У меня это был голод.
Был? Я солгал Ольге. Я голоден. Но теперь в этом нет ничего особенного. Теперь беспрестанная алчность к съестному ничем не отличает меня от других людей. Голод стал обыденностью. Самым будничным из всего будничного. Солнце светит, дождь идет, в животе урчит.
В то время это было иначе. Поначалу в этом даже не было ничего неприятного, по-настоящему неприятного. Ведь было что поесть. Мама радовалась, когда я набрасывался на еду. Но мой голод не унимался. Требовал все больше и больше. Уже через полчаса после обильной еды меня неудержимо тянуло в кладовую с припасами.
Я все больше прибавлял в весе. Восемнадцать лет подряд я был тощей хворостиной. Бурьяном, вымахавшим вверх. Ходячей жердью. Теперь мое тело стало меняться. Но становилось не крепче, а только толще. Когда я натягивал старую куртку, мне приходилось носить ее незастегнутой. Брюки, которые всегда были мне впору, теперь не сходились. Само по себе это не представляло собой проблему. Как-никак я принадлежал к фирме „Герсон & Со“. Там было достаточно женщин, которые могли расставить мои вещи пошире. Но и самая прилежная портниха не могла бы привести в прежний вид мою раздавшуюся рожу.
Я больше не выглядел так, как я выглядел раньше. С тем тринадцатилетним подростком с фотографии на мамином туалетном столике я не имел никакого сходства. Не то чтобы раньше я был Адонис, такого я о себе никогда не мнил, но лицо, которое каждое утро смотрело на меня из зеркала во время бритья, мне совершенно не нравилось. Оно расползалось все шире. Как тесто для пирогов, в которое положили слишком много дрожжей. Рыхлое, разбухшее лицо с хомячьими щеками, в котором я уже сам почти не узнавал себя.

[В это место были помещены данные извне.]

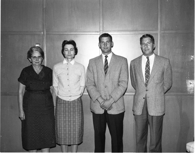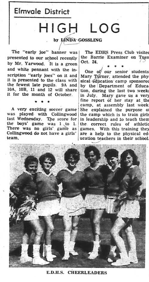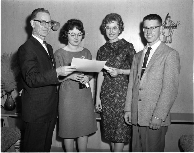 Last Friday was a big night in Elmvale, with the gymnasium of Elmvale District High School the scene of the annual commencement. Pictured above, left to right, are Frank Clute, a native of Elmvale and now a high school inspector, Elaine Lougheed, Sharon Cowan and Bob Eberhardt, who gave the valedictory address. All three earned honour graduation diplomas last year. Mr. Clute had previously taught at Sixth Street School in Midland.

Я жирел. Я не хотел жиреть.
Раньше я пошел бы с этой проблемой к д-ру Розенблюму. Теперь я был студентом медицинского факультета, и в университетской библиотеке было достаточно книг. Я нашел решение загадки в „Основах эндокринологии“. Разгадка была очень проста. Я мог бы догадаться и без учебника.

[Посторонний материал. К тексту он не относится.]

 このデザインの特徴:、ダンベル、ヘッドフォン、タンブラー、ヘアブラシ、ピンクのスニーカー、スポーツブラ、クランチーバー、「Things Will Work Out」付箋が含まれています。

Если есть какой-то сочинитель нашей судьбы, если где-то на облаке сидит небесный драматург и выстукивает на своей пишущей машинке сюжеты жизней, то этот парень, должно быть, беспробудно пьян. Или обладает крайне злобным чувством юмора.

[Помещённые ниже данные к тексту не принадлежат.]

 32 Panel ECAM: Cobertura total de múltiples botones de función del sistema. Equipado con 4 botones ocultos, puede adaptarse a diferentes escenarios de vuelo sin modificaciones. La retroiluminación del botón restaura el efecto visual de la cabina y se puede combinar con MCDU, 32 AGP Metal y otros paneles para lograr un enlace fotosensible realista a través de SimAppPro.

Особенно он любит проделки с действием. Он исполняет все желания своих персонажей, эта коварная свинья, делает для них якобы только хорошее. Чтобы потом ткнуть мордой в грязь именно на этом месте. От этого только больнее. Зачастую он совсем не торопится поднести запал к взрывчатке. Делает свое дело основательно. Убаюкивает тебя безопасностью, прежде чем выдернуть ковер у тебя из-под ног. Спешить ему некуда. Такой сюжет не ограничивается продолжительностью киносеанса. Он может подождать. Пока зритель не уверится: на сей раз будет счастливый конец. И только тогда — бах! — он наносит удар.